# Work request
Omitting all images, set down every line below exactly as it appears.

# Data segment
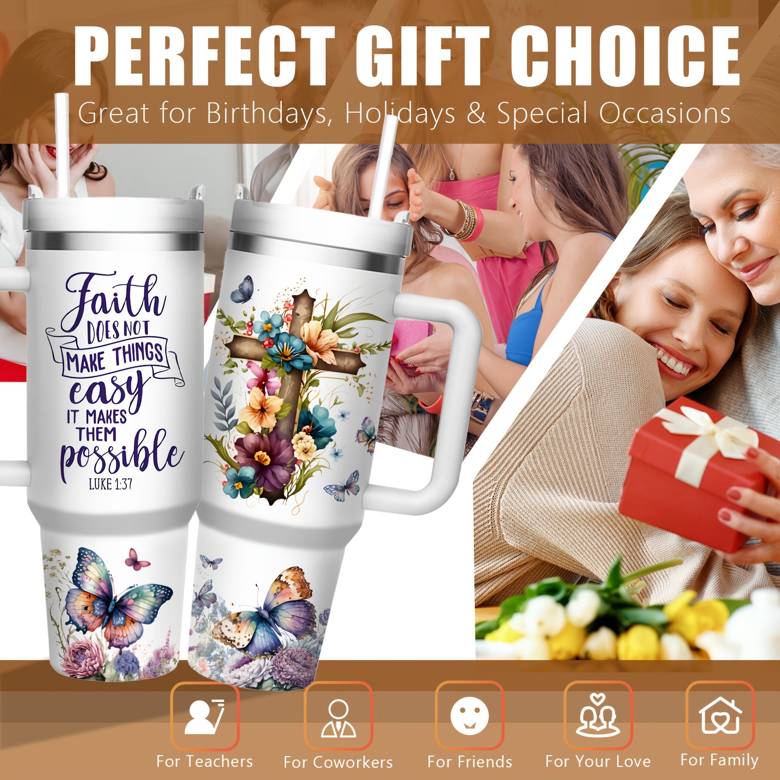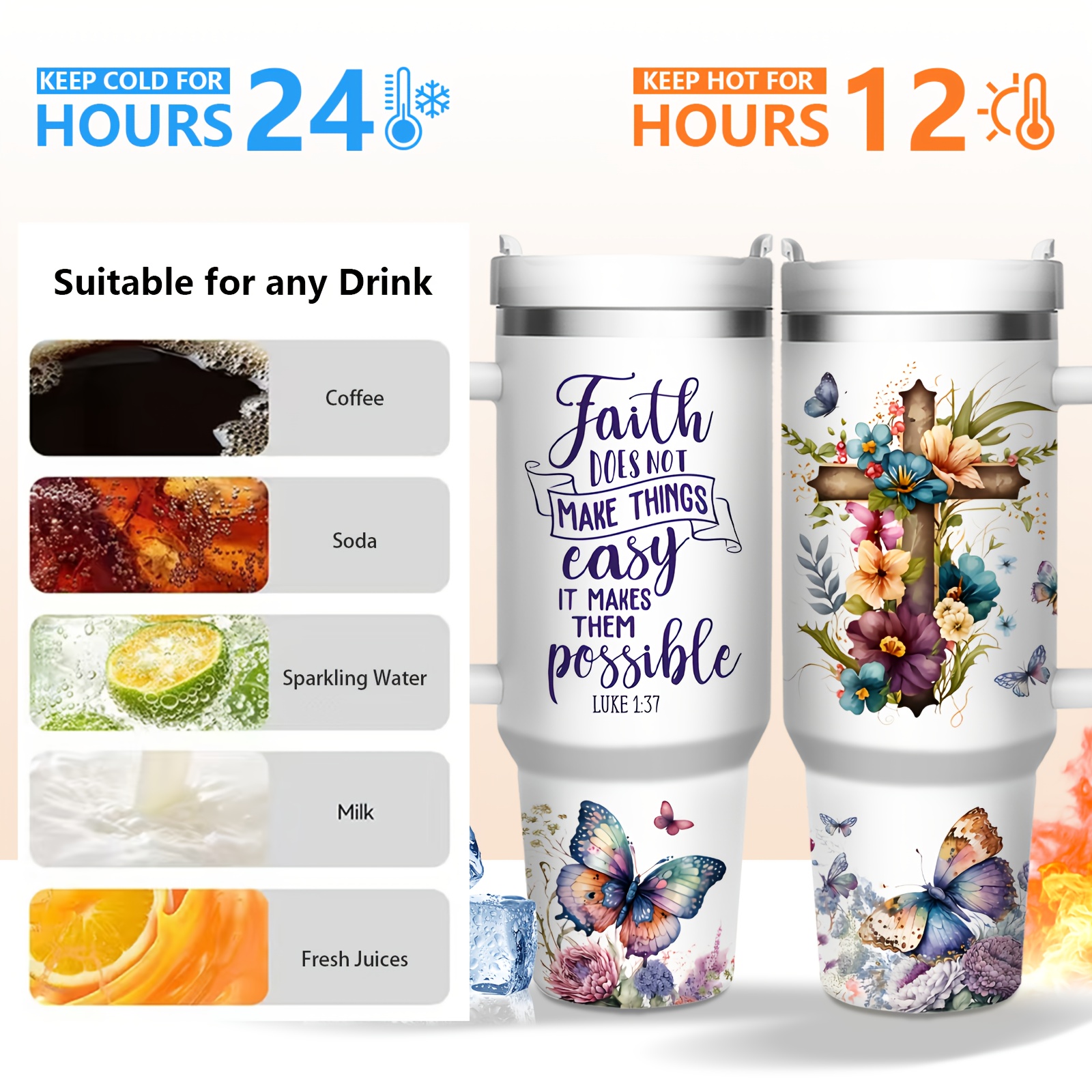 40oz Stainless Steel Insulated Coffee Cup with Lid & Straw - "Faith Doesn't Make Things Easy..."
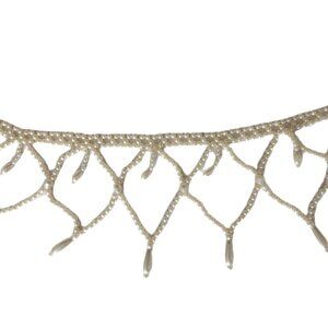 New old stock, faux pearls beaded Christmas tree garland hand-assembled into a beautiful lace. Made by The House of Louis Nichole in 1999. 6 ft long. Open box.
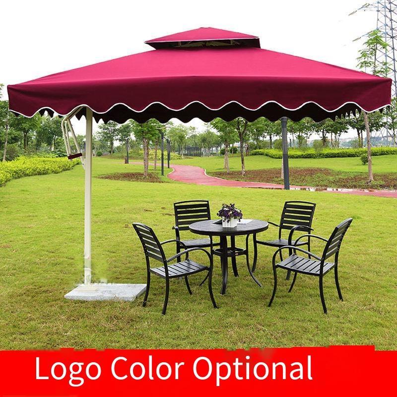 2.2m Iron 4-strand Umbrella With Marble Base Outdoor Sunshade Platform Roman Umbrella Red

# Written solution
 40oz Stainless Steel Insulated Coffee Cup with Lid & Straw - "Faith Doesn't Make Things Easy..."
 New old stock, faux pearls beaded Christmas tree garland hand-assembled into a beautiful lace. Made by The House of Louis Nichole in 1999. 6 ft long. Open box.
 2.2m Iron 4-strand Umbrella With Marble Base Outdoor Sunshade Platform Roman Umbrella Red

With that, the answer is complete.